Jeffrey Prothero (March 15, 1956 – November 16, 2016) was an American computer programmer.  He was the author of Citadel, arguably the first virtual world system and one of the longest-running open source projects; the Digital Anatomist software, better known as the Visible Human Project; the original Pascal strek.pas Star Trek game program; the first Loglan parsers; and Mythryl, a production-grade port of SML/NJ.

Prothero used the screenname "Cynbe ru Taren" online. Cynbe ru Taren is the name of a fictional alien in Poul Anderson's 1964 science fiction novel The Star Fox. In the novel Cynbe ru Taren is an "Aleriona Intellect Master of the Garden of War, fleet admiral, and military strategist of the Grand Commission of Negotiators."  

He died on November 16, 2016 after a battle with colorectal cancer.

Early life and education
Prothero was born on March 15, 1956, in London, Ontario, to academic parents, John (Jack) and Joyce Prothero. He attended kindergarten in Ontario; first form in London, England; second form in Cambridge, England; third grade in Boston, Massachusetts; and fourth through twelfth in Seattle, Washington.
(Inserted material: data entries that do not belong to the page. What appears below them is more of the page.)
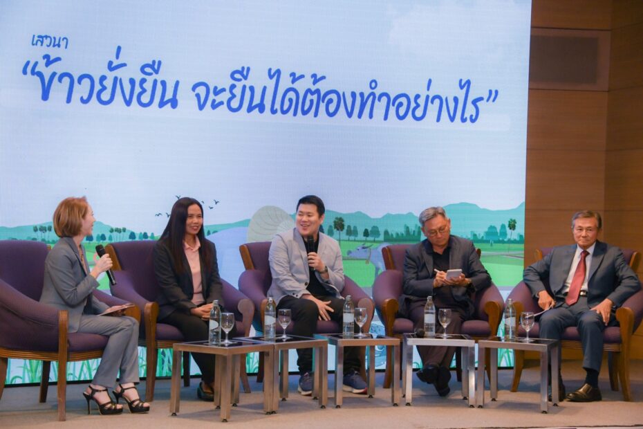 โดย รศ.ดร.ภูมิสิทธิ์ มหาสุวีระชัย มหาวิทยาลัยขอนแก่นและคณะ พร้อมทั้งการเสวนาหัวข้อ “ข้าวยั่งยืน จะยั่งยืนได้ต้องทำอย่างไร” โดย ดร.วัลลภ มานะธัญญา อุปนายกสมาคมผู้ส่งออกข้าวไทย ดร.อรรถวิชช์ วัชรพงศ์ชัย ผู้อำนวยการปฎิบัติการโครงการข้าว (GIZ) นายวนัส แต้ไพสิฐพงษ์ ที่ปรึกษาคณะกรรมการสำนักงานนวัตกรรมแห่งชาติ (องค์การมหาชน) และ นางสวณีย์ โพธิ์รัง ผู้แทนเกษตรกรปลูกข้าวยั่งยืน ร่วมเสวนา ณ ห้องประชุม Le Lotus1 โรงแรม Swissotel Bangkok Ratchada กรุงเทพมหานคร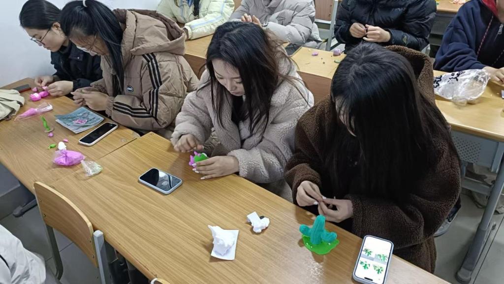活动现场准备了超轻黏土、彩色卡纸及马克笔等创作物料。同学们完成签到后,开始趣味创作。在黏土制作过程中,各小组分工协作,严格依照图纸进行塑形,将对大学生活的憧憬与内心的情绪投射于作品之中,塑造出一个个灵动鲜活的造型;在折纸环节,同学们充分发挥想象力,在千纸鹤、纸船等经典造型的基础上进行创意涂鸦,展现了独特的艺术构思。活动现场氛围融洽,同学们纷纷表示,此次活动不仅让大家从繁忙的学习生活中获得动手创作的乐趣,更提供了一个释放压力、舒缓身心的契机。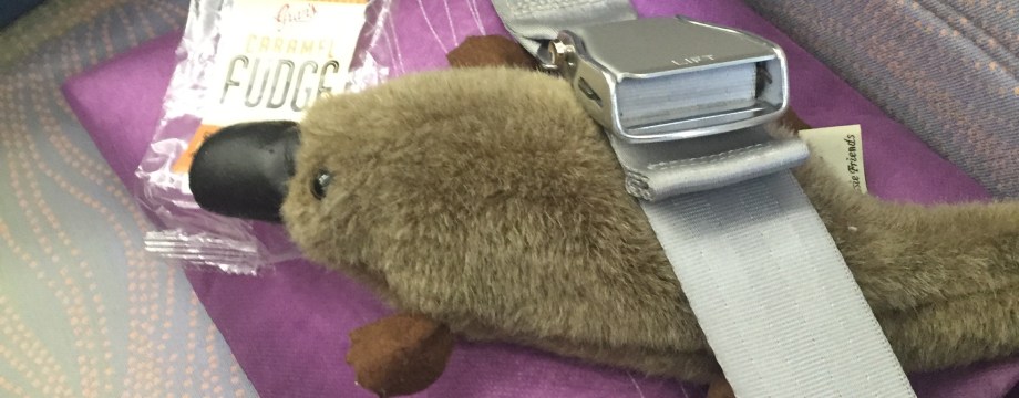 The flights were mostly uneventful except for my feet swelling up like balloons (never happened before) and lots of limping around the plane and the Emirates business lounge in Dubai as a result. On both of the long haul flights we had an empty seat in our row which was great, gave us that little extra bit of space to spread out in. We both managed some sleep on the 14.5hr flight, although I got more than B…mostly due to using travacalm to zombify myself. Drooly Mel is so attractive. Percy also had a great time flying Emirates (Qantas codeshare) for the first time.

Prothero lived in Seattle, programming and designing virtual worlds, until 1997, when he moved to Austin, Texas, to live with his wife Allucquere Rosanne “Sandy” Stone, who is a professor at the University of Texas at Austin.  Beginning in 1998, Prothero and Stone divided their time between Santa Cruz and Tahoe City, California, while maintaining a residence in Austin during school sessions.

The Digital Anatomist/Visible Human
Prothero enrolled at the University of Washington in 1974, spending most of his time at the Campus Computer Center.  He learned his craft at the Visual Techniques Laboratory, using a PDP10 and a Mohawk Data 600LPM printer.  Before long he was working as a full-time programmer for the department of Biological Structure, headed by John W. Sundsten and John Prothero.  He wrote the Skandha visualization system, which assembled microscopic sections of biological material into three-dimensional images which could be manipulated minutely to reveal details of the interior of such objects as the human body.

The Biological Structure department named this effort the Digital Anatomist project.  Its image database was supplied with raw digital material by Wolfgang Rauschning, a Swedish researcher in microtomy and microscopy who specialized in producing ultrathin tissue cross-sections. Rauschning's method was subtractive, ablating a layer of carefully frozen tissue only a few thousand molecules thick, coating the exposed surface with a glycerol mixture which Rauschning adapted to the specific tissue, photographing the surface at high resolution, and repeating until the tissue was completely sectioned.  Rauschning sent each image via Internet to the Digital Anatomist database at the University of Washington in Seattle.

His method produced extremely high resolution digital images in vivid color with almost none of the distortion which would normally be caused by the displacement forces generated by the action of a conventional microtome at extreme thinness settings. Sundsten, Jeffrey Prothero and John Prothero asked Rauschning to include fiduciaries in his sections, which enabled Prothero's Skandha 3D visualization software to assemble the huge digital database into three-dimensional flythrough-capable anatomical images with extremely fine grain. The group made Prothero's tapes of the 3D reconstructions freely available on their website. 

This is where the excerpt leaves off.